Na tarde desta quinta-feira (30), o Tribunal de Contas do Estado (TCE-RS) realizou, através de sua Escola Superior de Gestão e Controle, evento sobre os desafios da implementação da Lei 13.431/17, conhecida como Lei de Escuta Protegida, que estabelece novos parâmetros para colher os depoimentos de crianças e adolescentes vítimas ou testemunhas de violência. A nova norma, oriunda de projeto de Lei da deputada Maria do Rosário (PT-RS), evita repetições dos relatos para diversas instituições, procurando evitar a revitimização.
O painel contou com a participação desembargador do Tribunal de Justiça do Estado (TJ-RS), José Antônio Daltoé Cezar, da coordenadora da Comissão Permanente da Infância e Juventude (Copeij) do Ministério Público Estadual (MP-RS), promotora de Justiça Denise Villela, e com o defensor público André Esteves de Andrade. O conselheiro e ouvidor do TCE-RS, Pedro Figueiredo, mediou o painel.

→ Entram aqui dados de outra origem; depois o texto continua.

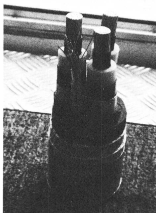
Fig. 1 Modell des verwendeten Seekabels

Als Besonderheit wurde ein Polymerkabel mit einem Schichtenmantel aus Aluminium über dem äusseren Halbleiter gewählt. In das Energiekabel ist zudem ein Steuerkabel mit einem Schichtenmantel eingesetzt für die Übertragung von Signalen und Steuerbefehlen (Fig. 1). Der Schichtenmantel wurde für dieses Seekabel ge-
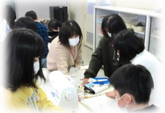
下増田小：ミシンボランティア

A apresentação inicial foi feita pelo desembargador José Antônio Daltoé Cezar, que implantou no Brasil a metodologia pioneira de oitiva das vítimas crianças e adolescentes conhecida como “Depoimento sem Dano”. Para o magistrado, é fundamental conscientizar a sociedade a as instituições a respeito da nova legislação. Se nós não conseguirmos ouvir a criança ou o adolescente, nós não vamos poder responsabilizar os agressores, porque, na esmagadora maioria das vezes, os atos de violência e de abuso não possuem testemunhas, nem deixam vestígios físicos , destacou. O desembargador trouxe, ainda, estudos e números sobre a implantação da Lei 13.431/17 no país.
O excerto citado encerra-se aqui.